Bit Field Type Reset Description
15:0 CH3_SETTLECOUNT R/W 0000 0000 0000 0000 Channel 3 Conversion Settling
The LDC will use this settling time to allow the LC sensor to stabilize before initiation of a conversion on Channel 3.
If the amplitude has not settled prior to the conversion start, an Amplitude error will be generated if reporting of this type of error is enabled
0x0000: Settle Time (tS3)= 32 ÷ fREF3
0x0001: Settle Time (tS3)= 32 ÷ fREF3
0x0002- 0xFFFF: Settle Time (tS3)= (CH3_SETTLECOUNTˣ16) ÷ fREF3

8.6.18 Address 0x14, CLOCK_DIVIDERS_CH0

Figure 34. Address 0x14, CLOCK_DIVIDERS_CH0
15 14 13 12 11 10 9 8
CH0_FIN_DIVIDER RESERVED CH0_FREF_DIVIDER
7 6 5 4 3 2 1 0
CH0_FREF_DIVIDER
LEGEND: R/W = Read/Write; R = Read only; -n = value after reset

Table 29. Address 0x14, CLOCK_DIVIDERS_CH0 Field Descriptions

Bit Field Type Reset Description
15:12 CH0_FIN_DIVIDER R/W 0000 Channel 0 Input Divider Sets the divider for Channel 0 input. Must be set to ≥2 if the Sensor frequency is ≥ 8.75MHz
b0000: Reserved. Do not use.
CH0_FIN_DIVIDER≥b0001:
fin0 = fSENSOR0/CH0_FIN_DIVIDER
11:10 RESERVED R/W 00 Reserved. Set to b00.
9:0 CH0_FREF_DIVIDER R/W 00 0000 0000 Channel 0 Reference Divider Sets the divider for Channel 0 reference.
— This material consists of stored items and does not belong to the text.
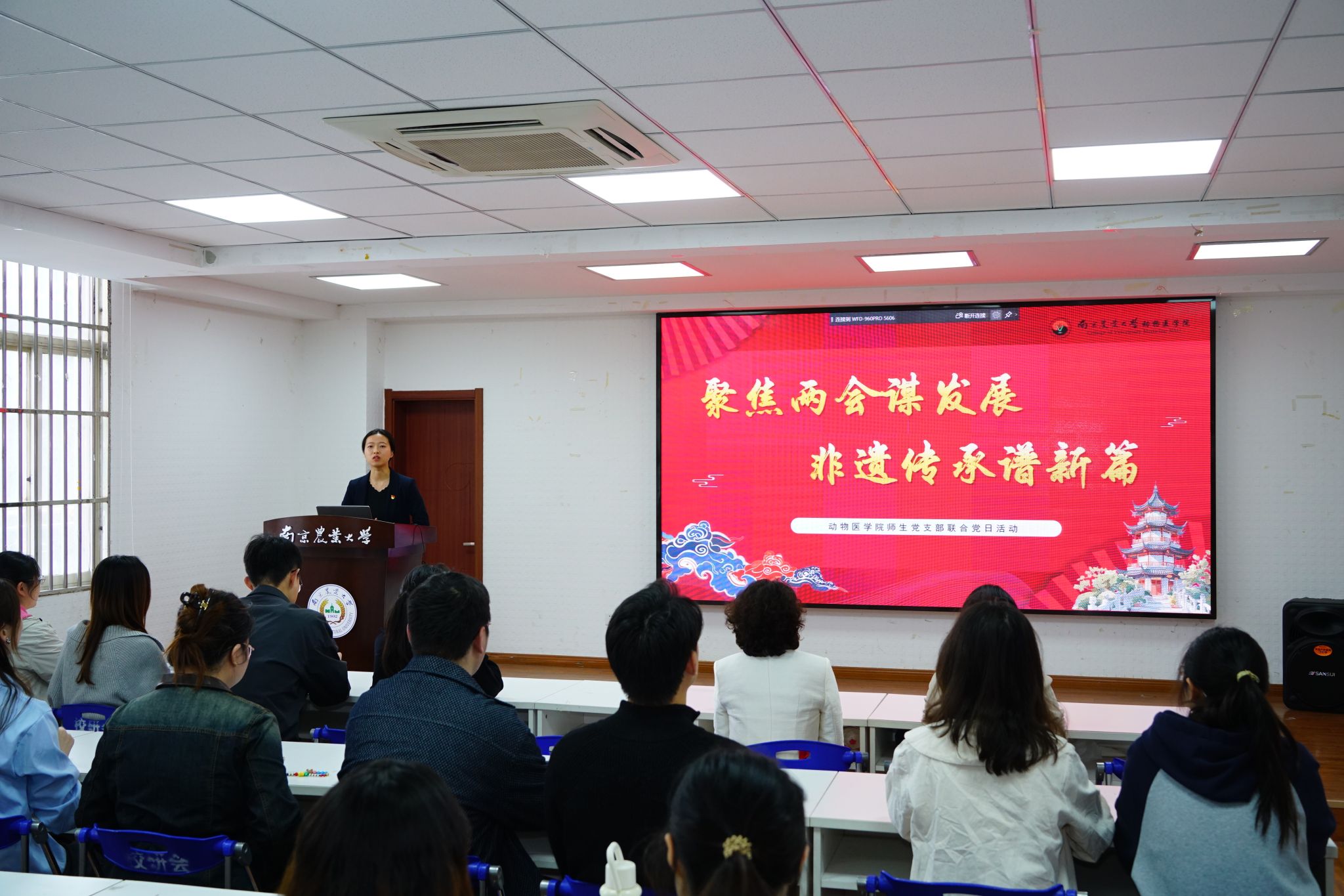 3月24日下午,伟德betvlctor体育官网“聚焦两会谋发展,传承非遗谱新篇”师生党支部联合党日活动在研究生报告厅顺利举办。校教务处副处长胡燕出席并做专题报告,学院行政教工党支部全体党员、本科生第一、二、三党支部书记和学生党员代表、研究生党员代表等共计40余人参与。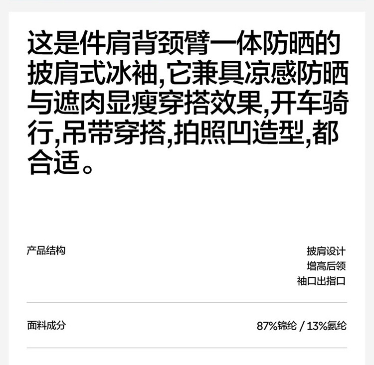 商品名称:502UV Pro防晒披肩冰袖女款防紫外线夏季骑行护手臂防晒 087173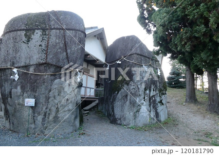 岩手県盛岡市三石神社の鬼の手形のついた石 岩手の名前の起こりになった三石神社の鬼の手形の石

Use this to scale the maximum conversion frequency.
b00’0000’0000: Reserved. Do not use.
CH0_FREF_DIVIDER≥b00’0000’0001:
fREF0 = fCLK/CH0_FREF_DIVIDER

8.6.19 Address 0x15, CLOCK_DIVIDERS_CH1

Figure 35. Address 0x15, CLOCK_DIVIDERS_CH1
15 14 13 12 11 10 9 8
CH1_FIN_DIVIDER RESERVED CH1_FREF_DIVIDER
7 6 5 4 3 2 1 0
CH1_FREF_DIVIDER
LEGEND: R/W = Read/Write; R = Read only; -n = value after reset

Table 30. Address 0x15, CLOCK_DIVIDERS_CH1 Field Descriptions

Bit Field Type Reset Description
15:12 CH1_FIN_DIVIDER R/W 0000 Channel 1 Input Divider. Sets the divider for Channel 1 input. Used when the Sensor frequency is greater than the maximum FIN.
b0000: Reserved. Do not use.
CH1_FIN_DIVIDER≥b0001:
fin1 = fSENSOR1/CH1_FIN_DIVIDER
11:10 RESERVED R/W 00 Reserved. Set to b00.
9:0 CH1_FREF_DIVIDER R/W 00 0000 0000 Channel 1 Reference Divider. Sets the divider for Channel 1 reference. Use this to scale the maximum conversion frequency.
b00’0000’0000: Reserved. Do not use.
CH1_FREF_DIVIDER≥ b00’0000’0001:
fREF1 = fCLK/CH1_FREF_DIVIDER

8.6.20 Address 0x16, CLOCK_DIVIDERS_CH2 (LDC1314 only)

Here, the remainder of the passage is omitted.